Registered Linux User # 324213

Lauri Watts wrote:

>On Wednesday 15 October 2003 12.56, Frank wrote:
>>Thanks again Scott, I do appreciate you guys making sure I fully
>>That the 'cables' have come loose since the "ram dump" might be a 
>>But when I can read data CDs and burn data CDs [ I use cdrecord from the 
>>konsole for that ] then I doubt there are any physical problems going 
>>on. Yes I have tested these CDs as they are ISO's for other OSs that can 
>>be run from CDs, and they run very well as well. Now, they do not run 
>>from the hard drive. {eg.

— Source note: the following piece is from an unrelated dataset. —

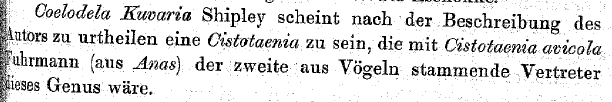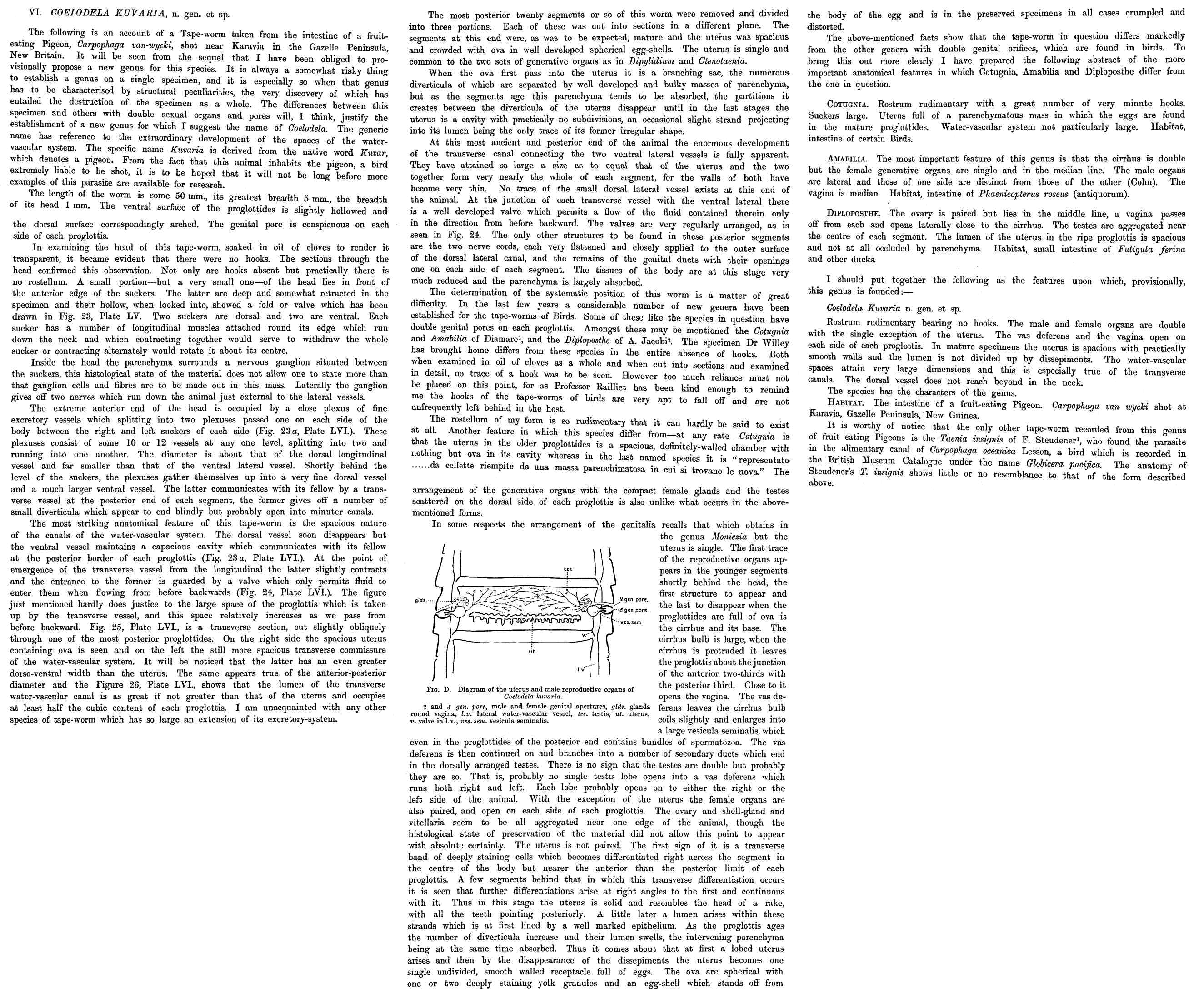 Shipley, A. E. 1900. A description of the Entozoa collected by Dr. Willey during his sojourn in the Western Pacific. Zoological Results based on material from New Britain, New Guinea, Loyalty Islands and elsewhere, collected during the years 1895, 1896, and 1897, by Arthur Willey. Part 5 : 531-568. (24) Download PDFFuhrmann, O. 1901. Neue Arten und Genera von Vogeltaenien. Zoologischen Anzeiger 24: 271-273. (3023) Download PDF |

Knoppix3.2 ]
>CD-Rom drives have a data cable (the wide flat grey one generally, or maybe a 
>fat round coloured one) to the motherboard, over which data is transferred.  
>They also contain internal hardware and firmware that allow them to play 
>audio discs. Audio CD discs and Data CD-Rom discs conform to entirely 
>different standards, and are handled very differently by different hardware, 
>that just happens to be wrapped up in the same drive.
>Traditionally, Audio CD requires no data transfer, and does not use the data 
>cable, your CPU, or anything else in your computer.  What it do is hijack 
>your soundcard's outputs, and the mixer, via a second small grey wire that 
>goes directly from your CD-Rom drive to your soundcard. 
>This is why CD Drives have controls on the front, and why those controls do 
>anything at all, because all you need is for the machine to be powered on,  
>because the drive itself plays the audio CD.
>Here's where it gets muddy: Recently (in the last ~2 or 3 years at most) 
>CD-Rom manufacturers have been saving money by leaving  out this built-in 
>capability, or in very many cases, by still providing the capability in the 
>drive but by not bothering with cabling the drive to the sound card directly.  
>Coincidentally (or not) recent versions (of similar vintage) of Windows Media 
>Player play CD's by digital extraction *over the data cable*, incidentally 
>permitting copy protection schemes and other shiny happy things to be put in 
>place.  In effect, whenever you listen to an audio cd with WMP, it is ripping 
>it on the fly and playing the resulting data.
>So to summarise, the ability to play audio cd's in windows, and to play data 
>cd's in any OS, or being able to rip audio cd's (which is data extraction), 
>really has little to do with the ability of non-Windows OS to play Audio CD's 
>directly.  If you can do all the above but *not* play audio cd's, it's 
>extremely likely that what you're missing is tiny cable that runs from the 
>back of your hard drive to your sound card, and nothing more.
>All of this is very confusing however, because, you initially mentioned sound, 
>and then switched to talking about ISO's of other OS'es.  Which, of course, 
>are perfectly ordinary data cd's and have nothing to do with sound at all.